Several limitations should be noted in our study. First, it was subject to all of the limitations inherent to a retrospective study design. In addition, there may be some degree of selection bias in this retrospective study. A prospective study is therefore warranted to validate our results. Second, the risk of overfitting is higher when the sample size is small, as in the present study. Although we used both training and test datasets, it should be noted that the accuracy of machine learning algorithms may be inflated when a complex algorithm is used with a small sample size. Similarly, if the machine learning models become too complex, the risk of overfitting increases, while the ability to generalize the models to new data decreases. 28 Third, the proposed model is only applicable for differentiating cognitive status, and cannot predict temporal stage or prognosis. Fourth, this study evaluated only basic information, including age, sex, and education level, as the real primary clinical field. However, other comorbidities and laboratory parameters can affect cognitive function. 29 Thus, a diagnostic test rather than a screening test should be analyzed with these variables. Fifth, the scope of this study is limited because it evaluated data from a single study center. The generalizability of a hypothetical model depends on the inclusiveness of the training dataset. That is, a hypothetical model that was trained using data from a single center or a small sample size may not be suitable to apply to subjects from another population or to a large sample. A useful model therefore requires data collected from a range of subjects among a large sample size.
Conclusions
When screening for cognitive dysfunction, difficulties in the clinical interpretation of neuropsychological data have prompted the use of machine learning tools.

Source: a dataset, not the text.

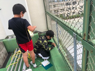左の写真は、4年国語「学校新聞を作ろう」の取材と実測のようすです。この2人が関心をもって取材しているのは校庭に設置している「投げるくん」です。投擲の運動遊びのための手作り用具である「投げるくん」のロープの長さを知りたいと言うので、用務主事にも応援を依頼して一緒に実測することにしました。ロープを結びつけている屋上フェンスから巻尺を校庭に垂らしてから校庭に行き、ロープに沿って巻尺をタイヤまで引っ張り、再度屋上に戻って長さを読み取っている場面です。この角度からは全体の様子をご紹介できないのですが、4年生の教室からはこの実測のようすがよく見えたそうです。級友たちが気付いてくれたことを後から聞き、嬉しく思いました。巻尺が木に引っかかって苦労する場面もありましたが、知りたいことを自分たちで実際に知るための手立てを考えて実行して「ロープの長さ」の数値を手に入れたのです。喜びに満ち溢れていました。屋上を移動して、もう一基の「投げるくん」のロープも実測しました。課題解決という学びに向かう力が発揮されていました。

The present study suggests that a machine-learning-based approach can be a valuable tool to screen for cognitive dysfunction. To increase the applicability of the hypothetical model, so it can then be used as a clinical tool to screen for cognitive status, it is necessary to validate the model using a large comprehensive dataset. Furthermore, even if the analysis of neuropsychological data gives significant results, additional data from biomarkers, positron emission tomography, magnetic resonance imaging (MRI), functional MRI, or genetic analysis may also contribute to screening and diagnosis.